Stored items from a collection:

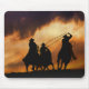 Três cowboys correndo atrás do gado no pôr do sol, isso certamente fará uma declaração! Uma maneira excelente de decorar o seu escritório ou dar como presente!
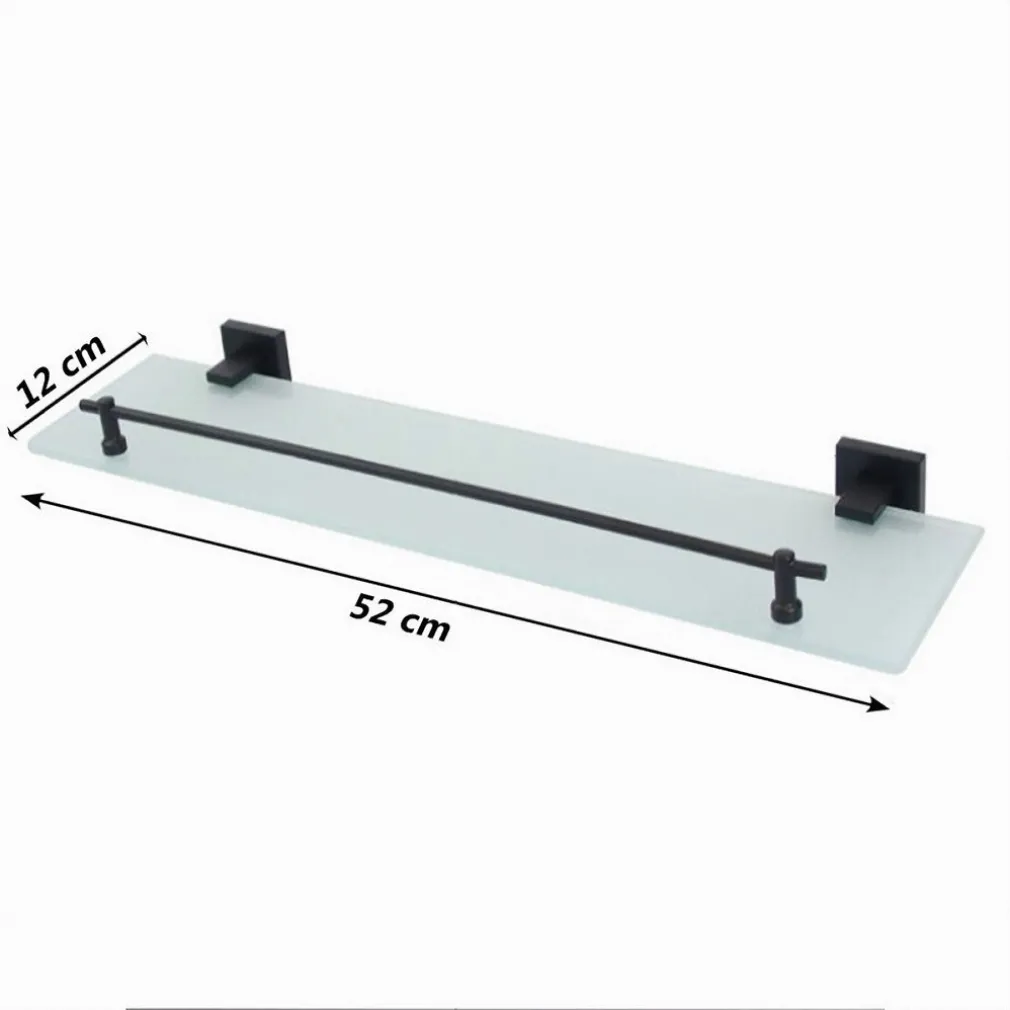 La nostra mensola è realizzata in vetro satinato di alta qualità e dotata di una barra in alluminio nero per impedire agli oggetti di cadere. Il design elegante si adatta a qualsiasi arredamento del bagno.
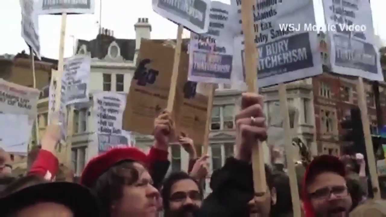 Protest in Trafalgar Square against Margaret Thatcher's legacy and ...
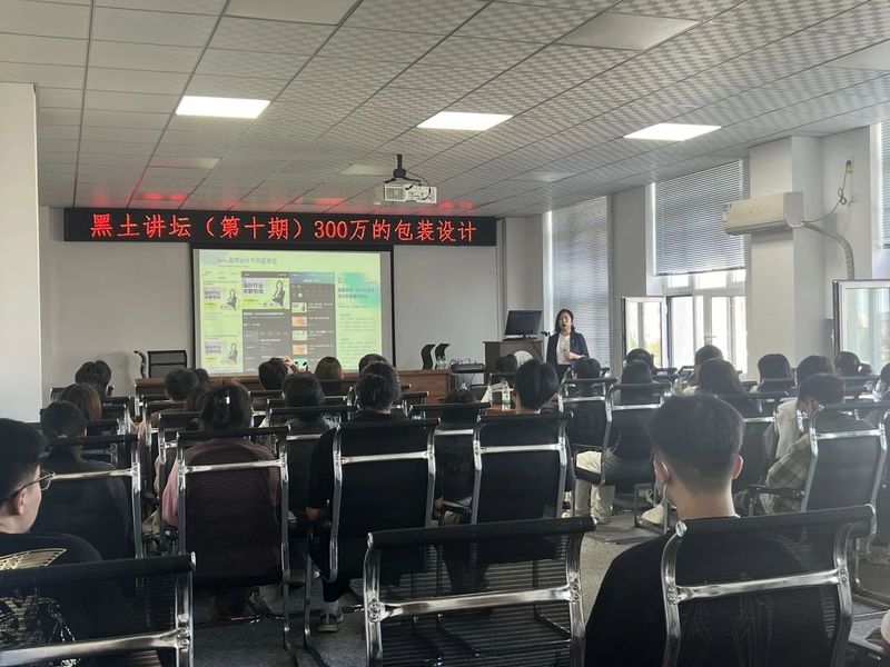 此次讲座邀请到了薛淑娟老师为主讲嘉宾,薛老师毕业于天津美术学院,有着15年设计的相关工作经验,前百度设计总监。薛老师的学员就业于腾讯、阿里、网易游戏、字节跳动等知名企业。薛老师本次讲座以“三百万的包装设计”为题,从包装设计的由来展开,为同学们介绍了包装设计的工作内容、岗位技能要求和职场延伸的注意事项等,并分享了包装设计行业的现状、发展趋势以及未来就业前景。
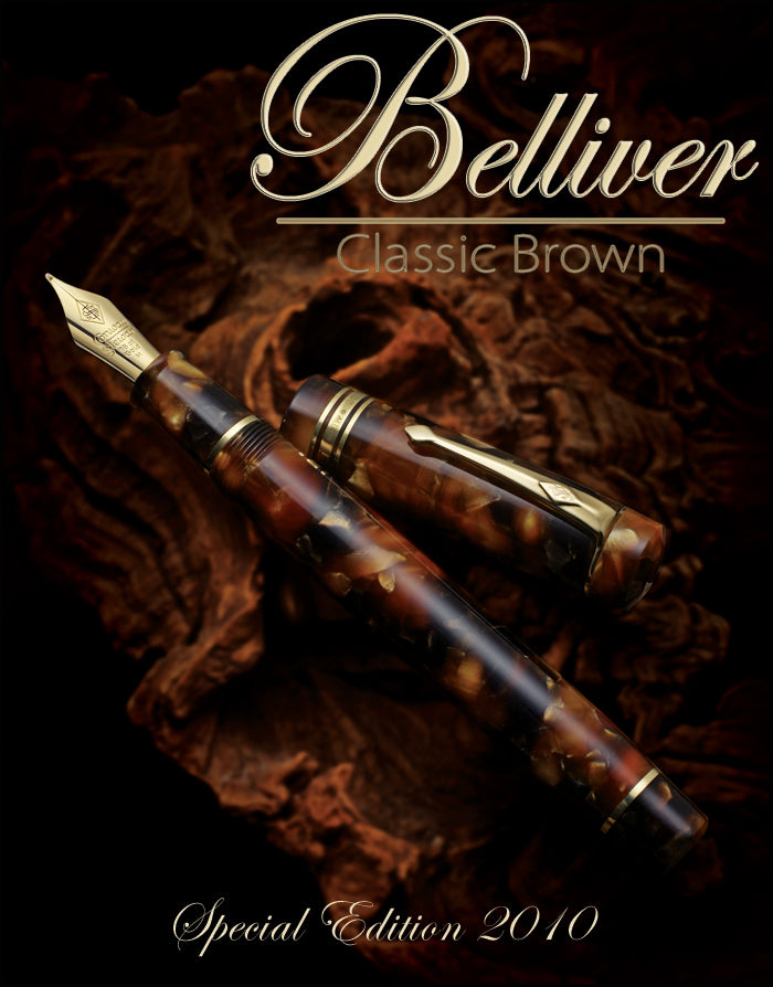 El nuevo modelo Belliver de Conway Stewart es un regreso a las mejores tradiciones de la herencia de CS, arraigadas en la falta de atención al detalle, un tamaño y peso perfectos, así como un diseño atemporal combinado con detalles discretos. Desde el capuchón y el cuerpo de resina cuidadosamente elaborados, cada uno de los cuales brilla en los tonos nacarados de nuestro Marrón Clásico, hasta el rico adorno dorado y la punta de oro macizo de 18 quilates perfectamente ajustada, el Belliver fue creado con un objetivo en mente: hacer que la experiencia de escribir sea perfecta. como sea posible.
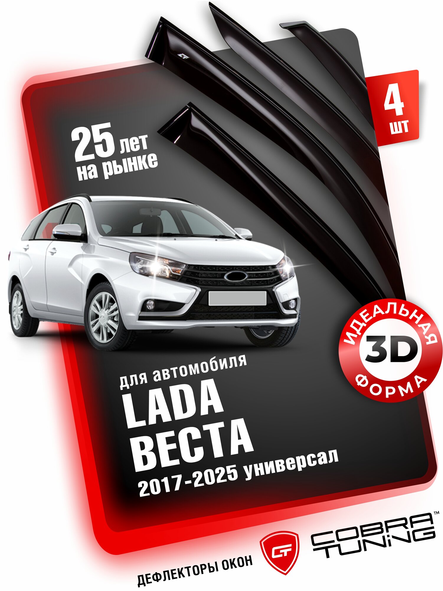 Дефлекторы боковых окон для Лада Веста (Lada Vesta) 2017-2024 универсал, св кросс, sw cross, ветровики на двери автомобиля, Cobra Tuning интересное:
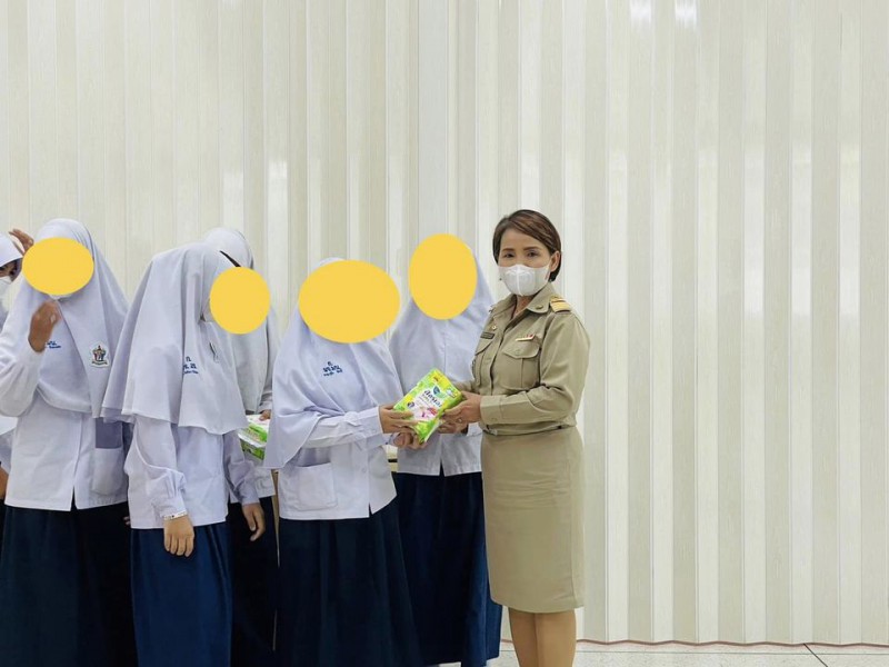 มอบผ้าอนามัยที่ได้รับการจัดสรรจากกรุงเทพมหานคร ให้นักเรียนหญิงที่จำเป็นต้องใช้ตามนโยบายของผู้ว่า กทม.
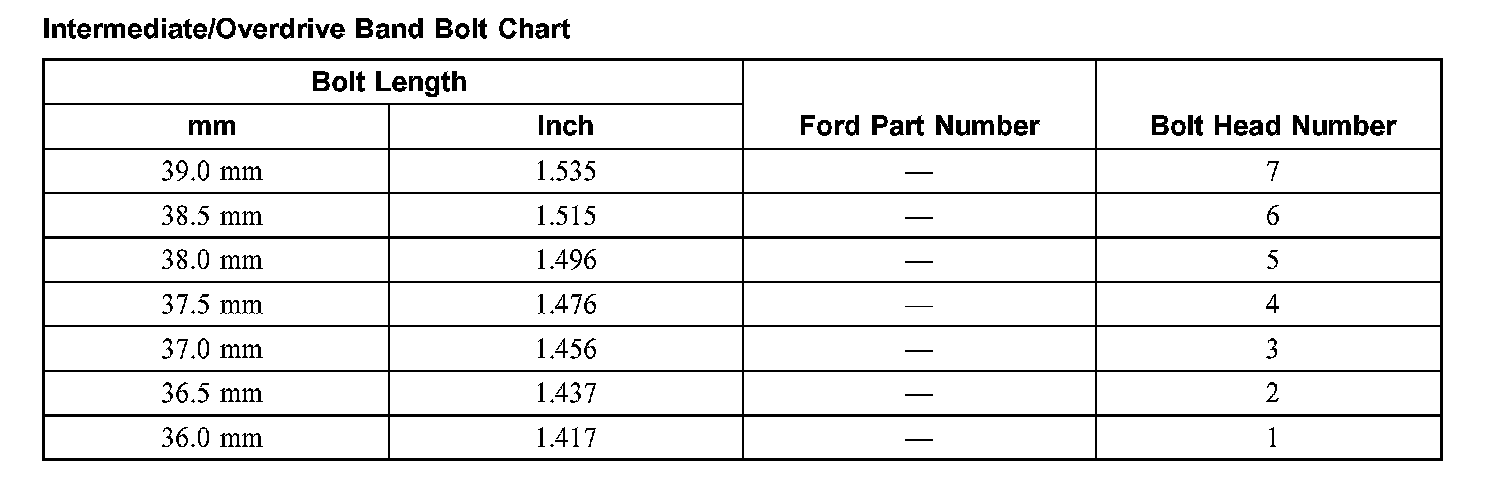 Intermediate/Overdrive Band Bolt Chart
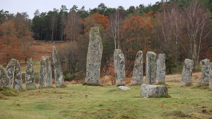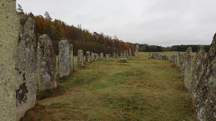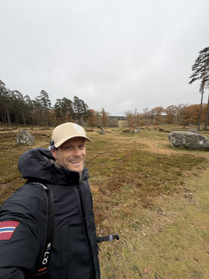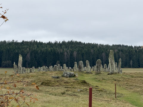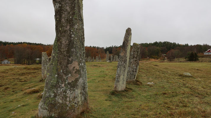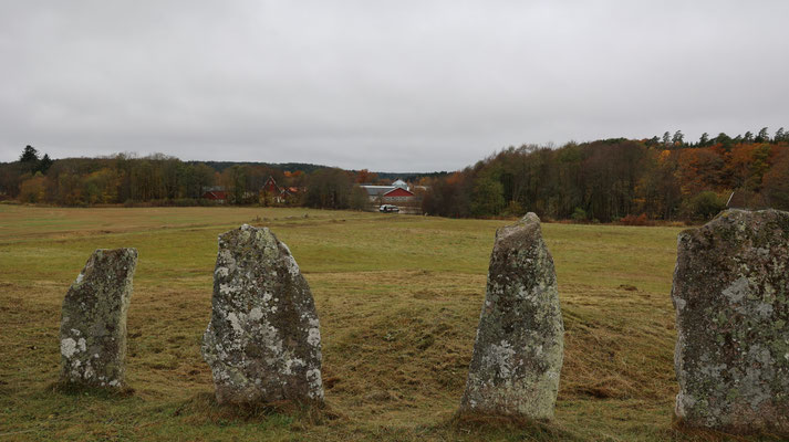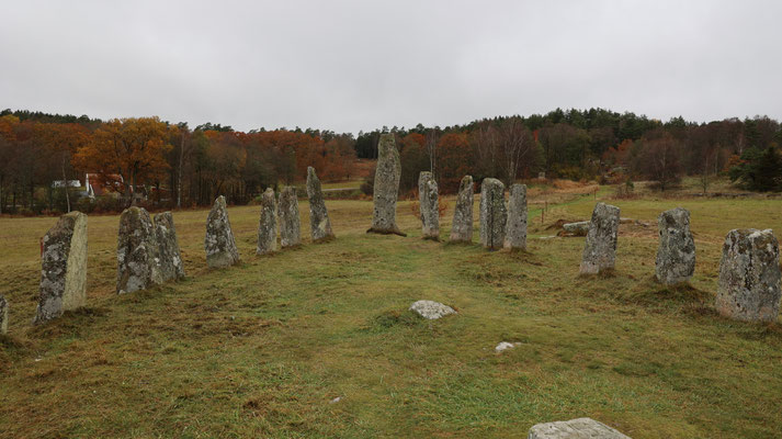 Vom Steinschiff laufe ich über Gras und etwas Matsch, gut hab ich Gummistiefel an, weiter zum Steinkreis. Vorbei an einem Haus, über einen Bach der im 17. Jahrhundert hier Sägen und Mühlen antrieb, kreuze die Straße, komm an Blomsholmer Honig vorbei und öffne ein Gatte. 5 Minuten später stehe ich am Steinkreis. Gut erhalten, 33 m im Durchmesser, in der Mitte ein Stein. All das in einem lichten Wald der herbstlich fortgeschritten ist. Ich bin alleine, blicke von hier sogar rüber auf das Steinschiff. Ein schöner morgendlicher Spaziergang, nicht mörder mitreissend, aber schön.
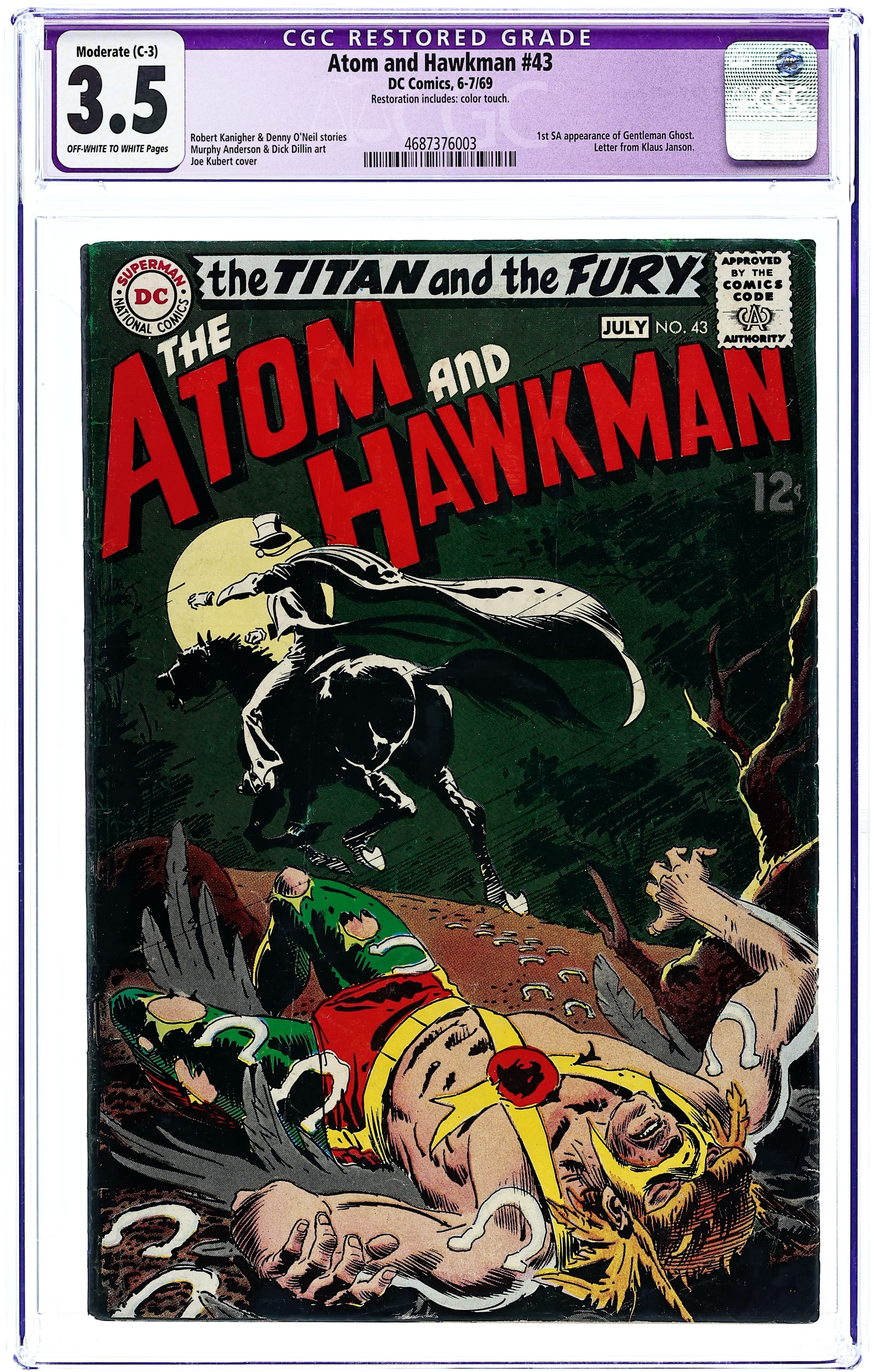 Starts May 4 Cover by Joe Kubert. "Come to My Hanging," script by Robert Kanigher, art by Murphy Anderson; Hawkman and Hawkgirl learn that the Gentleman Ghost has been staging a series of robberies at Trafalgar Square in London, England; They fly across the ocean to Europe and being investigating the sightings; They find the Ghost and his cronies near Nelson's Monument in the square; Hawkman dives into the thugs and incapacitates them with his mace, but the Gentleman Ghost manages to grab a hold of Hawkgirl; Hawkman tries to rescue her, but the Ghost and Hawkgirl both disappear; Hawkman tracks them back to London Tower. "Buzzin', Buzzin' - Who's Got the Buzzin'?", script by Denny O'Neil, pencils by Dick Dillin, inks by Sid Greene; Ray Palmer attempts to perform an experiment before his peers when suddenly a small insect distracts him, causing him to forget what he was trying to do; Horace McByrd, head of the Physics department, harshly criticizes Palmer, angering him to great length; Ray turns into the Atom; He goes into a subatomic realm and fights a mindless monster. Letter from comics writer Martin Pasko. 36 pgs., full color. $0.12. Cover price $0.12.
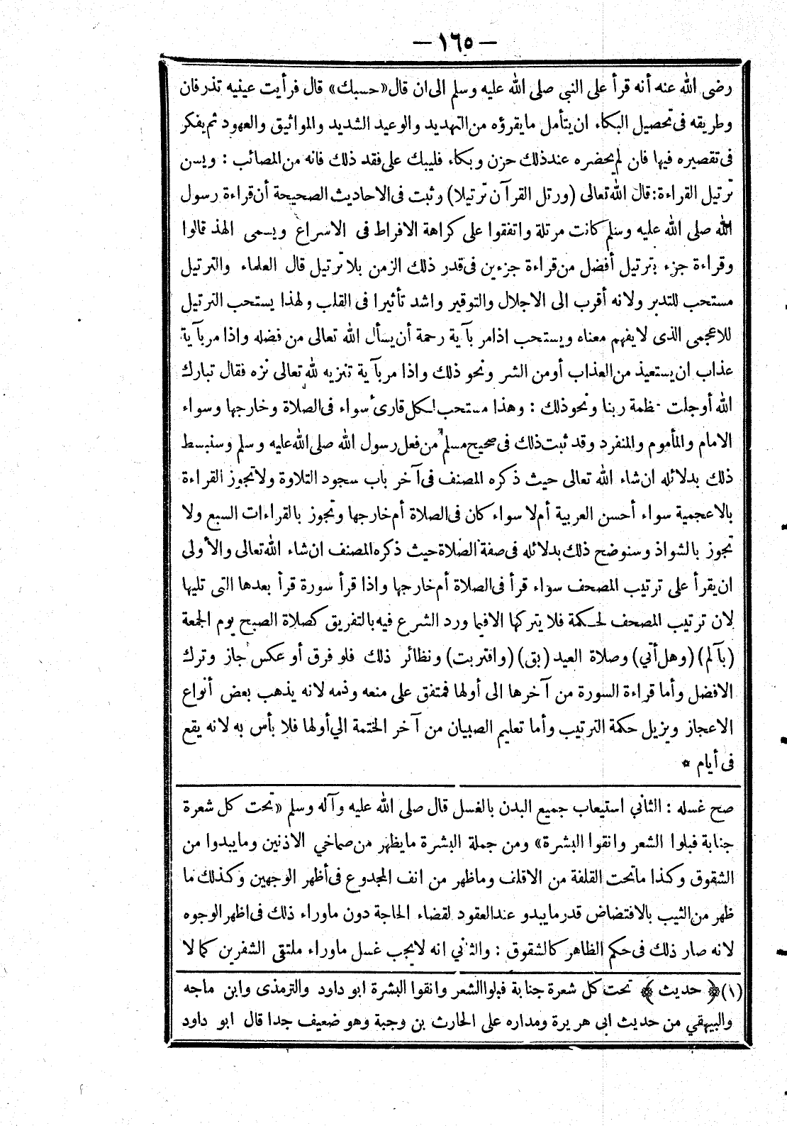 [صح غسله: الثاني استيعاب جميع البدن بالغسل قال صلى الله عليه وسلم (تحت كل شعرة جنابة فبلوا الشعر وانقوا البشرة) ومن جملة البشرة ما يظهر من صماخي الاذنين وما يبدوا من الشقوق وكذا ما تحت القلفة من الاقلف وما ظهر من انف المجدوع في أظهر الوجهين وكذلك ما ظهر من الثيب بالافتضاض قدر ما يبدو عند العقود لقضاء الحاجة دون ما وراء ذلك في اظهر الوجوه لانه صار ذلك في حكم الظاهر كالشقوق: والثاني انه لا يجب غسل ما وراء ملتقى الشفرين كما لا]
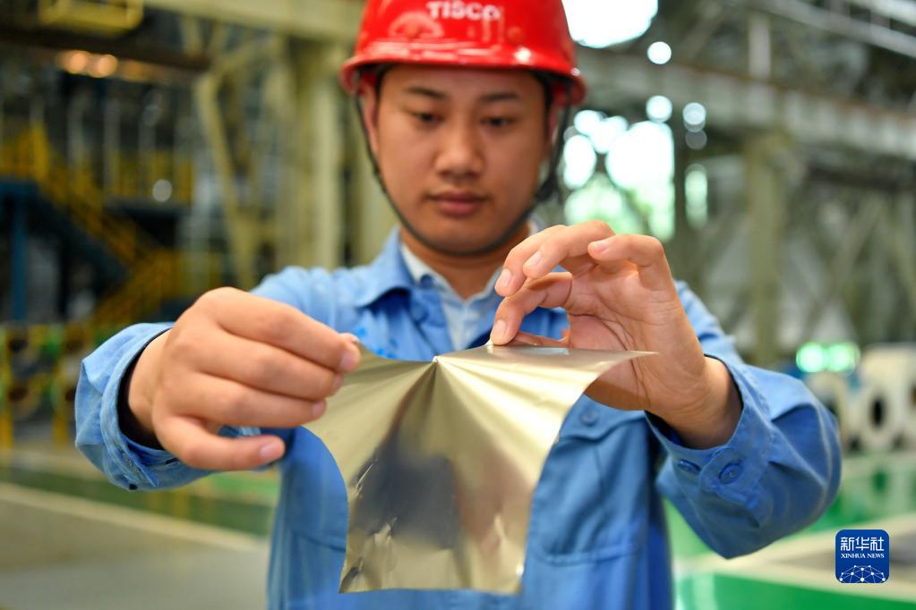 连日来,中国宝武山西太钢不锈钢精密带钢有限公司车间正满负荷生产。一卷卷薄如蝉翼光滑如镜、用手就能撕开的“手撕钢”经过压延、清洗、光亮等一系列步骤自动制成,广泛应用在航空航天、精密仪器、新能源电池等高端设备制造行业。

■ TASK DETAILS: In the data above, take the line with "Protest in Trafalgar", the line with "Vom Steinschiff laufe", and every line between, and set them down exactly without pictures.

■ FINAL ANSWER:
 Protest in Trafalgar Square against Margaret Thatcher's legacy and ...
 此次讲座邀请到了薛淑娟老师为主讲嘉宾,薛老师毕业于天津美术学院,有着15年设计的相关工作经验,前百度设计总监。薛老师的学员就业于腾讯、阿里、网易游戏、字节跳动等知名企业。薛老师本次讲座以“三百万的包装设计”为题,从包装设计的由来展开,为同学们介绍了包装设计的工作内容、岗位技能要求和职场延伸的注意事项等,并分享了包装设计行业的现状、发展趋势以及未来就业前景。
 El nuevo modelo Belliver de Conway Stewart es un regreso a las mejores tradiciones de la herencia de CS, arraigadas en la falta de atención al detalle, un tamaño y peso perfectos, así como un diseño atemporal combinado con detalles discretos. Desde el capuchón y el cuerpo de resina cuidadosamente elaborados, cada uno de los cuales brilla en los tonos nacarados de nuestro Marrón Clásico, hasta el rico adorno dorado y la punta de oro macizo de 18 quilates perfectamente ajustada, el Belliver fue creado con un objetivo en mente: hacer que la experiencia de escribir sea perfecta. como sea posible.
 Дефлекторы боковых окон для Лада Веста (Lada Vesta) 2017-2024 универсал, св кросс, sw cross, ветровики на двери автомобиля, Cobra Tuning интересное:
 มอบผ้าอนามัยที่ได้รับการจัดสรรจากกรุงเทพมหานคร ให้นักเรียนหญิงที่จำเป็นต้องใช้ตามนโยบายของผู้ว่า กทม.
 Intermediate/Overdrive Band Bolt Chart
 Vom Steinschiff laufe ich über Gras und etwas Matsch, gut hab ich Gummistiefel an, weiter zum Steinkreis. Vorbei an einem Haus, über einen Bach der im 17. Jahrhundert hier Sägen und Mühlen antrieb, kreuze die Straße, komm an Blomsholmer Honig vorbei und öffne ein Gatte. 5 Minuten später stehe ich am Steinkreis. Gut erhalten, 33 m im Durchmesser, in der Mitte ein Stein. All das in einem lichten Wald der herbstlich fortgeschritten ist. Ich bin alleine, blicke von hier sogar rüber auf das Steinschiff. Ein schöner morgendlicher Spaziergang, nicht mörder mitreissend, aber schön.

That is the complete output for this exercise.